LONDON: A British man who was jailed after encouraging terror attacks from his parents’ house praised Brenton Tarrant, who committed mass shootings in two mosques in Christchurch in 2019.
White supremacist Michael Nugent, 38, admitted five counts of disseminating terrorist publications, and 11 of possessing information useful to a terrorist.
He organized several messaging groups on Telegram, an app popular with extremists, where people shared terrorist manifestos and explosives manuals.
The court heard how he “honored” right-wing terrorists in his messaging groups, including Tarrant and Norwegian Anders Breivik.
Nugent described Tarrant’s mass murder of 51 Muslims as a “game-changer,” and created a celebration video on the one-year anniversary.
Nugent disseminated Tarrant’s manifesto, published after the massacre, which encouraged others to launch similar attacks. “I understand why Tarrant did what he did,” he wrote on Telegram.

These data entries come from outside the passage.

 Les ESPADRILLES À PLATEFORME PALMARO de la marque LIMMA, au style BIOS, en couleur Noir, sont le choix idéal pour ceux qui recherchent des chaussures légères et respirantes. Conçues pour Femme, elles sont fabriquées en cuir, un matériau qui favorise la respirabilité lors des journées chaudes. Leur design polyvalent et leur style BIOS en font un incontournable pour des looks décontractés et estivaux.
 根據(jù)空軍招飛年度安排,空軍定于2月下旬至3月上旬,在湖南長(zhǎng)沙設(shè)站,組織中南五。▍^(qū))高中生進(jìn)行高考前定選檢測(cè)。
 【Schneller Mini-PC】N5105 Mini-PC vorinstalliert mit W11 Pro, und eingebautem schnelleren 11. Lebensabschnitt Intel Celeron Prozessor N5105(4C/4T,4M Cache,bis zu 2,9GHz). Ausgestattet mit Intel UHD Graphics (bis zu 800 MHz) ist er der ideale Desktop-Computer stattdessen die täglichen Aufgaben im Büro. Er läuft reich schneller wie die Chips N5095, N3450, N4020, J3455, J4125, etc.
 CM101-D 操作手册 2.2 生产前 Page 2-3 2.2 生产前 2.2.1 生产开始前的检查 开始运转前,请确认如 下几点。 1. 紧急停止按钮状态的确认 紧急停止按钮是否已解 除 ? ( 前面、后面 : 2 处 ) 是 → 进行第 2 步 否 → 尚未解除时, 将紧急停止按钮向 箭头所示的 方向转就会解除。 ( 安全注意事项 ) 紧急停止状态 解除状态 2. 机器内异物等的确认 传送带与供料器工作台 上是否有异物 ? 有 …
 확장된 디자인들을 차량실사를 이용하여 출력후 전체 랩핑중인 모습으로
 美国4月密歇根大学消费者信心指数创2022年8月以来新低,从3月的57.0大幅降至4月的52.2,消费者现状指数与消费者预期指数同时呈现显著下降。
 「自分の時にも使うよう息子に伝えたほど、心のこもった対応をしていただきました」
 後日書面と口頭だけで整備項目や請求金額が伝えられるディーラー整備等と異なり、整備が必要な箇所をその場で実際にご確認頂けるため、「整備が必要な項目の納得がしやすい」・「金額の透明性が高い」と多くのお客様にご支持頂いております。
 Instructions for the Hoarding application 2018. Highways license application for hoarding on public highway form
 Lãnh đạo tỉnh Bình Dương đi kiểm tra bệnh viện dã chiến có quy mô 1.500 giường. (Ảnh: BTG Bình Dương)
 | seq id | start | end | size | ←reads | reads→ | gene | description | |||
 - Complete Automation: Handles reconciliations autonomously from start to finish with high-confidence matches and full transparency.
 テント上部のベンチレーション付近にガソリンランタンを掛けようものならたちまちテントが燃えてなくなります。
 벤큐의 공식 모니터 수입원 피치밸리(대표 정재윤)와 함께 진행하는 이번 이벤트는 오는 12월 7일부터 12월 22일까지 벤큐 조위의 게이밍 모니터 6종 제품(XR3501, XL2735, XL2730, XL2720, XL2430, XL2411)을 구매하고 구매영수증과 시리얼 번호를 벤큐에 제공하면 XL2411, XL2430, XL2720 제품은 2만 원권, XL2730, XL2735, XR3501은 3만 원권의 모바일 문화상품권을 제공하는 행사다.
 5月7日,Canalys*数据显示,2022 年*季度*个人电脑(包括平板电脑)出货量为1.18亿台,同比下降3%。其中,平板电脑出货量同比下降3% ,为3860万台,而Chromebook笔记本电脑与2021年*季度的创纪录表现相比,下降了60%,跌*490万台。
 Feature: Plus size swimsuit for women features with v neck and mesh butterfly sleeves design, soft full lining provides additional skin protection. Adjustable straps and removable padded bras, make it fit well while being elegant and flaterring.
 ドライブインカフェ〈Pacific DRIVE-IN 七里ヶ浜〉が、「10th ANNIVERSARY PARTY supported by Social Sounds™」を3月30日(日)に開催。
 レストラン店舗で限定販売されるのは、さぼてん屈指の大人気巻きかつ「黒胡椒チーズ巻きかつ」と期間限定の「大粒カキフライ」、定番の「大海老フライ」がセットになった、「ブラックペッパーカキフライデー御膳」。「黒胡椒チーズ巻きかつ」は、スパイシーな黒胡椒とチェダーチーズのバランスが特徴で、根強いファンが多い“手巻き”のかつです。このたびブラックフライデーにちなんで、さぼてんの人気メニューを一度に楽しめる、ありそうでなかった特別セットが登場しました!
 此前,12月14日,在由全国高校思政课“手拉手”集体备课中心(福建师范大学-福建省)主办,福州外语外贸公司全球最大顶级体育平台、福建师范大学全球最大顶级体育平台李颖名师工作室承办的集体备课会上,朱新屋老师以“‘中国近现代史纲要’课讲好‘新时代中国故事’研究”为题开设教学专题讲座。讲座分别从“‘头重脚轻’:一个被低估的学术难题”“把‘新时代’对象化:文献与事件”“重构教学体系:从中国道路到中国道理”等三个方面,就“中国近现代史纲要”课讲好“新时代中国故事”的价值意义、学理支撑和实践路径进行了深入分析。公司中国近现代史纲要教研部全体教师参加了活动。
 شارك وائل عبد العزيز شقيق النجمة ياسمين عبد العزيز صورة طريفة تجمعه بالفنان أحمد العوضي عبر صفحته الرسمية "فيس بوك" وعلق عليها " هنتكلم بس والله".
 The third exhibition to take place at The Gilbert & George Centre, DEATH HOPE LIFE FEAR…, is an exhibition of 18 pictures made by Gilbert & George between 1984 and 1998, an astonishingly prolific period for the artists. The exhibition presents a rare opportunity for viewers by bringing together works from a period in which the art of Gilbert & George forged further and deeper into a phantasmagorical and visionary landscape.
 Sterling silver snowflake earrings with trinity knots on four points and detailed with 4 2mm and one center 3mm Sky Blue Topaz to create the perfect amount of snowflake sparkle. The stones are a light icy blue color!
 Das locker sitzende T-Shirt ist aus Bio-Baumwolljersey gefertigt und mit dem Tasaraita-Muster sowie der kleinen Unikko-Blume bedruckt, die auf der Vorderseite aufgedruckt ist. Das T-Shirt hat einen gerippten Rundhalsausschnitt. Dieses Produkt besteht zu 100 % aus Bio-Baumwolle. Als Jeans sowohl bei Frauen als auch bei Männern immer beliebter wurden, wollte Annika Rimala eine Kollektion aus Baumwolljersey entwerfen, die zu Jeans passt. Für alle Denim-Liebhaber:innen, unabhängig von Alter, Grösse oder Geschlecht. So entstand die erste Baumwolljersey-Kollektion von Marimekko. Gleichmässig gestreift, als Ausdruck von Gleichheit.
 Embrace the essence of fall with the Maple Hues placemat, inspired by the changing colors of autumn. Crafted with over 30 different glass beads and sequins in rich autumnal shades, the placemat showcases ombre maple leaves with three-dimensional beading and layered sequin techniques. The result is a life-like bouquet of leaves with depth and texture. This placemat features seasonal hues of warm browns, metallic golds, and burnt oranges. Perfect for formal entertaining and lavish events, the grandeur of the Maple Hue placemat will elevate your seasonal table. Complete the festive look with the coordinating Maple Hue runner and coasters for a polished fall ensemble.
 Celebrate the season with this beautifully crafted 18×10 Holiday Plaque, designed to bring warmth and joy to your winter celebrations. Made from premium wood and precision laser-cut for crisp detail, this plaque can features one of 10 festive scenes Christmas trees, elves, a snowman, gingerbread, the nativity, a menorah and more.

As he was sentenced on Wednesday, Judge Peter Lodder QC told Nugent he had “knowingly encouraged right-wing terrorism.”
Jailing him for three-and-a-half years, Lodder added: “You did not work but spent all of your time at home in your parents’ house, where from your bedroom you developed your online extremist persona.
“You posted toxic, offensive material to websites and administered groups which were dedicated to violent racist, antisemitic and neo-Nazi ideology.
“Whatever your mental health at the time, no-one concludes that you weren’t aware of what you were doing.” The court was told that Nugent suffered from psychosis.
He wrote in a diary, seized by police, that he wanted to see ethnic minorities “sent home” and “sterilized.”
One section said: “We are being genocided in our own homes and our own country … Terrorism is the only way out of it.”
Nugent’s lawyer Liam Walker said the defendant “does not recognize the person he was at the time or the views he held.”
Walker said Nugent’s family had described him as a “withdrawn man, agoraphobic in his habits.”
Richard Smith, head of the Metropolitan Police Counter Terrorism Command, said: “This is another case which shows how harmful online extremism is. That is why it is important that anyone who believes that they have a friend or loved one who they think has been radicalized, or is vulnerable, seeks help.”